#### [Aim of the exercise]
Please begin with the line containing "为增进双方相互了解,促成进一" and reproduce each line exactly until the records below end, without any pictures.

+ + + + + + +

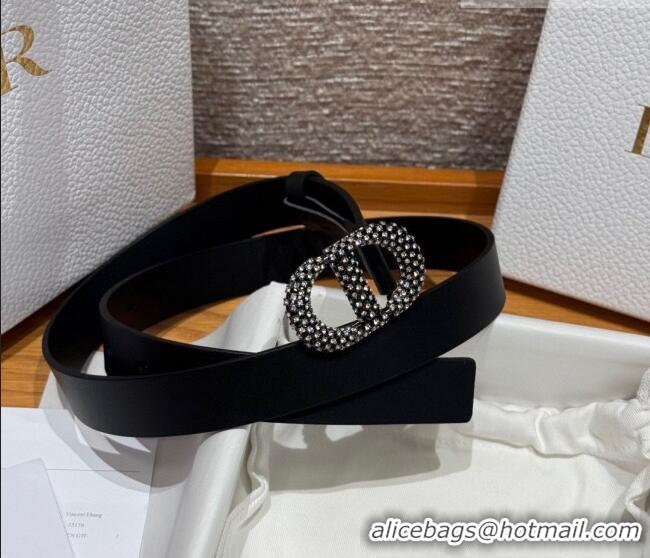 Good Quality Dior Calfskin Leather Belt 2.5cm with Strass CD Buckle 1230 Black 2025
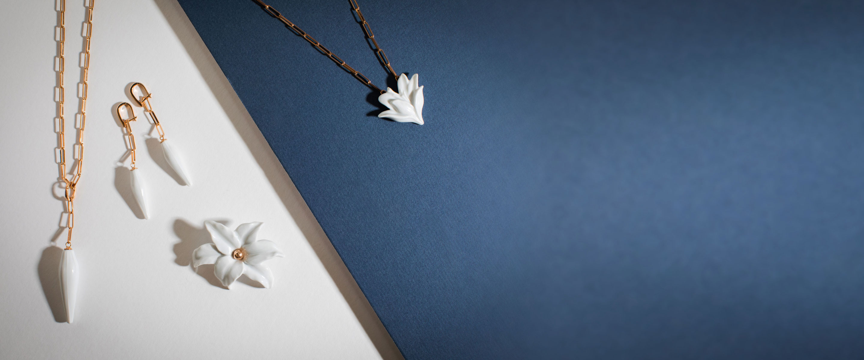 Schmuck zählt zweifelsohne zu den beliebtesten Geschenken - ob zu Weihnachten, zum Jahrestag oder anderen festlichen Anlässen. Ein zeitloses Präsent, das nicht nur die Eleganz und Einzigartigkeit der Trägerin betont, sondern auch tiefe Emotionen und unvergessliche Erinnerungen hervorruft. Schon in den frühen Jahren nach Gründung der Porzellanmanufaktur, wurde auch bei MEISSEN damit begonnen, die Herstellung von modischen Accessoires aus dem neu entdeckten Material zu fertigen – federführend durch den damaligen königlichen Hofjuwelier und Goldschmied Johann Jacob Irminger. Heute wie damals werden die Schmuckstücke in feinster Handarbeit gefertigt. Dabei verbinden sich klassische Motive und Dekore mit zeitgenössischer Formensprache zu einer einzigartigen Schönheit.
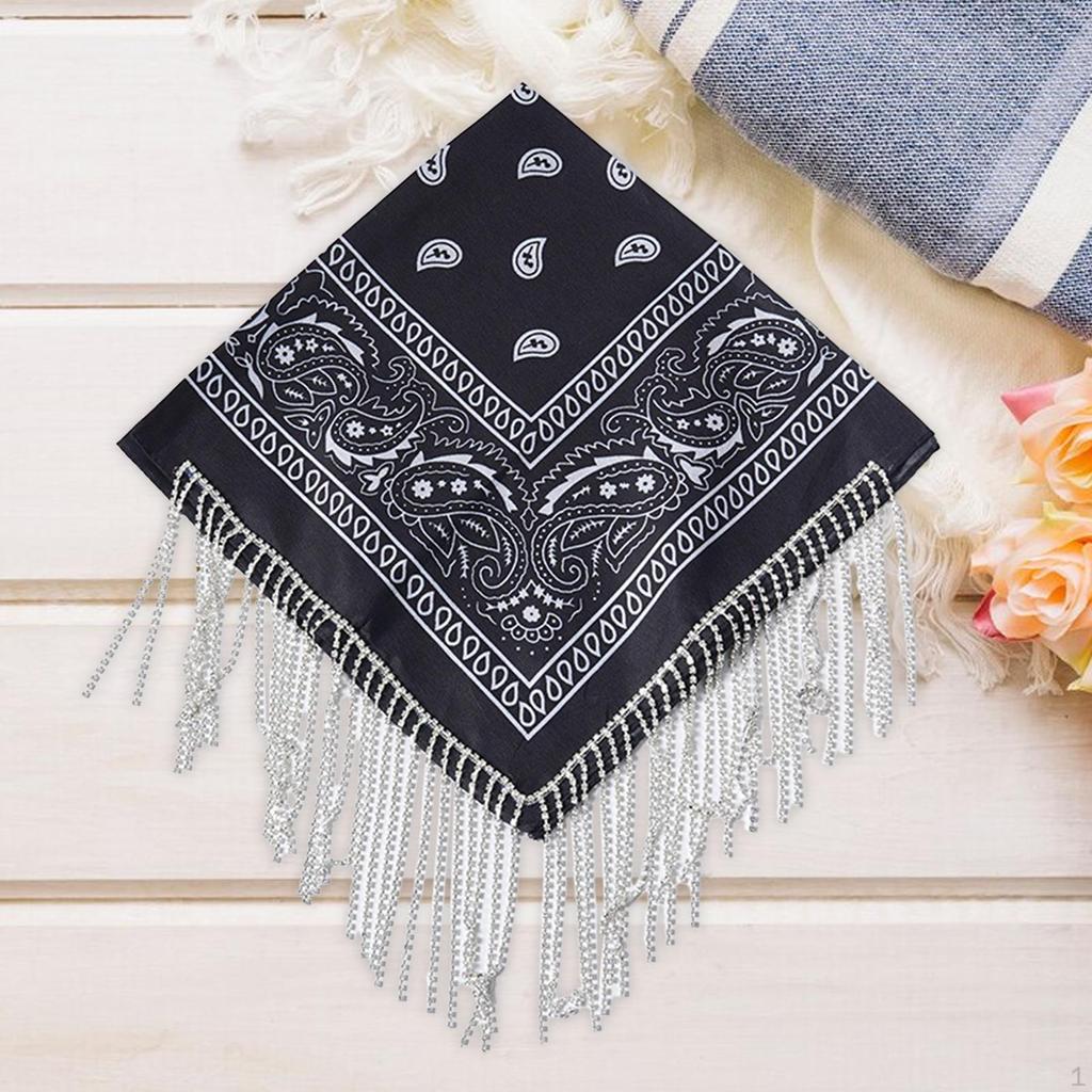 - 【Tassel Party Bandana】Disco Party Rhinestone Tassel Bandana is a versatile accessory that can be used as a headband, handkerchief, scarf, or bandana.
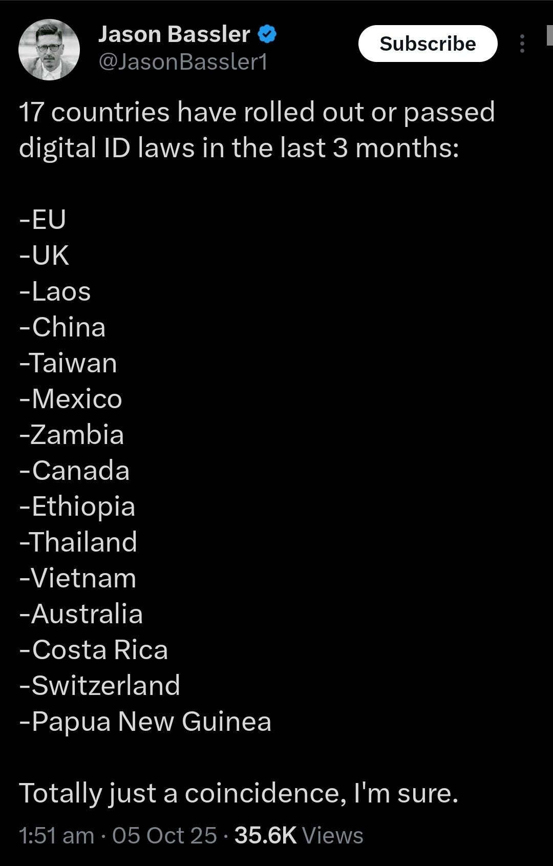 People often say “if you don’t have anything to hide what’s the problem?” There is no rational argument for allowing people you don’t know and have never met to have any power to control your life. The “nothing to hide” mantra is based on the historically illiterate assumption that you will never have anything to fear from authority. To offer this argument as a reason to adopt digital ID is so naive we might call it stupid.
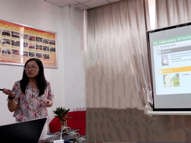 为增进双方相互了解,促成进一步的学术合作,我校青年教师刘玲代表表面工程课题组详细地介绍了学校、学院概况以及课题组科研情况,组内多名博士研究生就自身科研方向做学术报告,并与外国专家进行了深入地探讨。
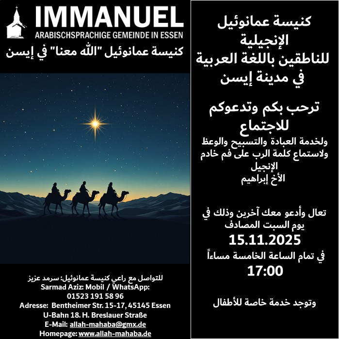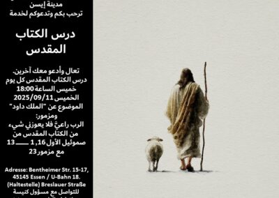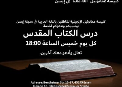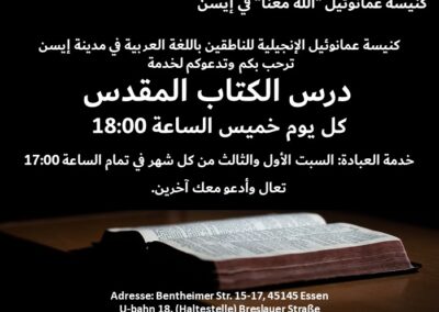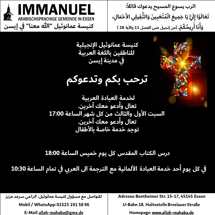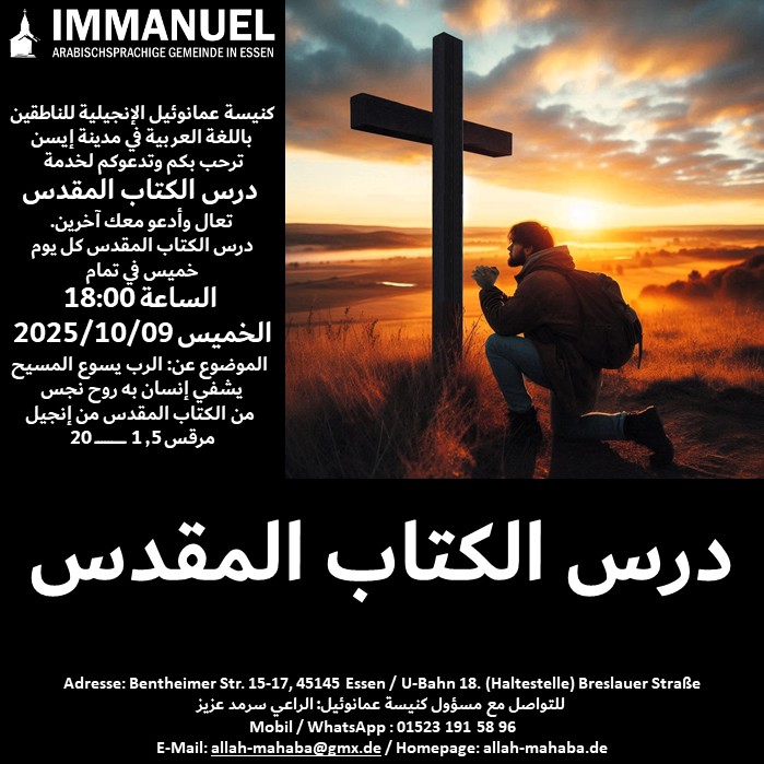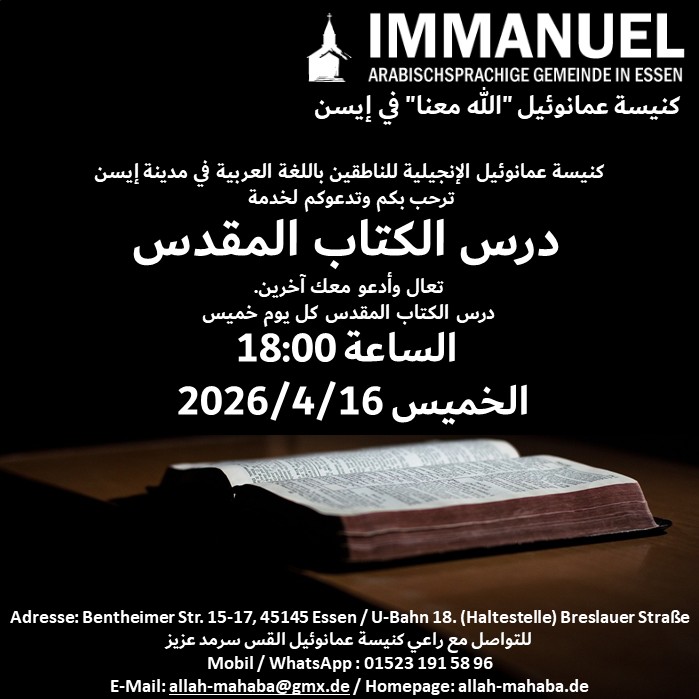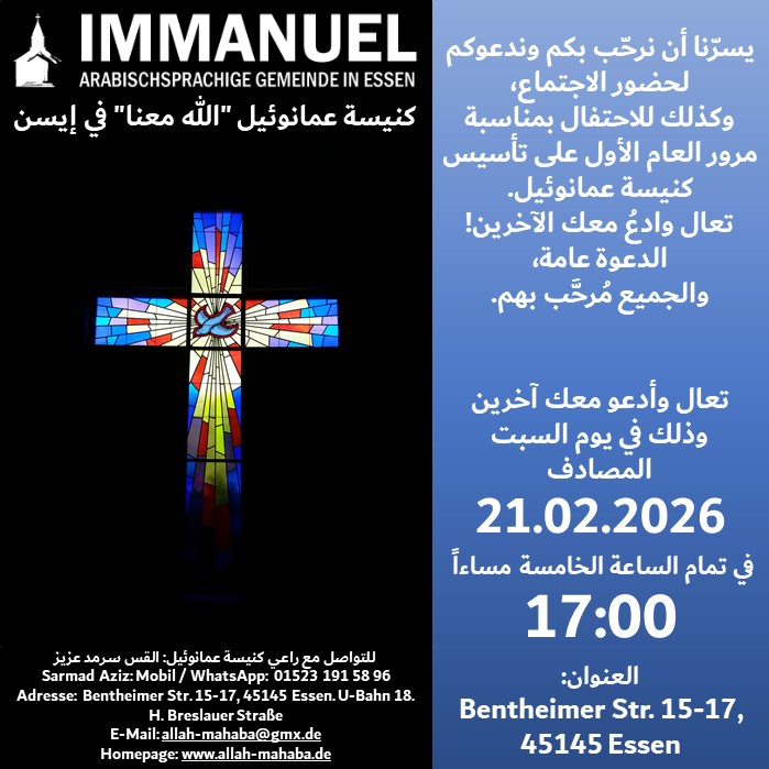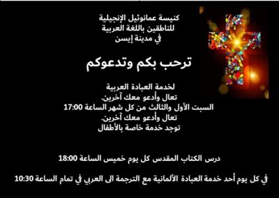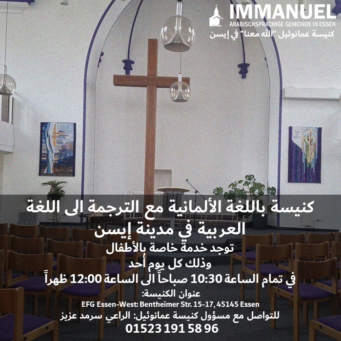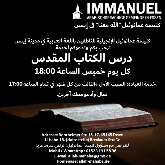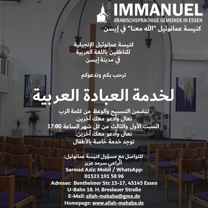 Wenn du suchst in Essen oder Umgebung einen Gottesdienst auf Arabisch, für deine arabisch-sprechenden Freunde und Nachbarn. Dann kannst du dich bei mir melden.
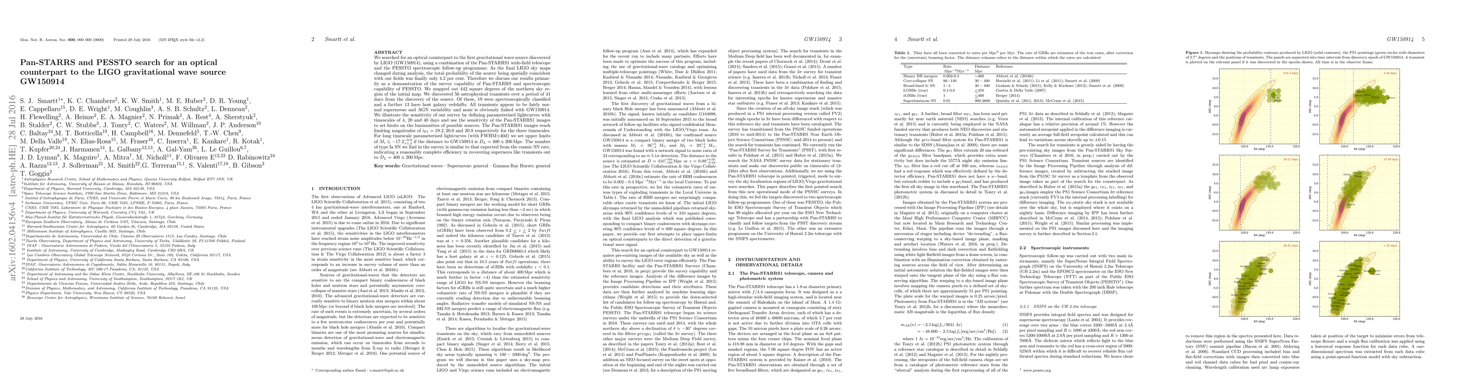 Researchers used Pan-STARRS1 and PESSTO to search for an optical counterpart to GW150914, finding 56 astrophysical transients but none linked to the gravitational wave source.

+ + + + + + +

#### [Exercise result]
 为增进双方相互了解,促成进一步的学术合作,我校青年教师刘玲代表表面工程课题组详细地介绍了学校、学院概况以及课题组科研情况,组内多名博士研究生就自身科研方向做学术报告,并与外国专家进行了深入地探讨。
 Wenn du suchst in Essen oder Umgebung einen Gottesdienst auf Arabisch, für deine arabisch-sprechenden Freunde und Nachbarn. Dann kannst du dich bei mir melden.
 Researchers used Pan-STARRS1 and PESSTO to search for an optical counterpart to GW150914, finding 56 astrophysical transients but none linked to the gravitational wave source.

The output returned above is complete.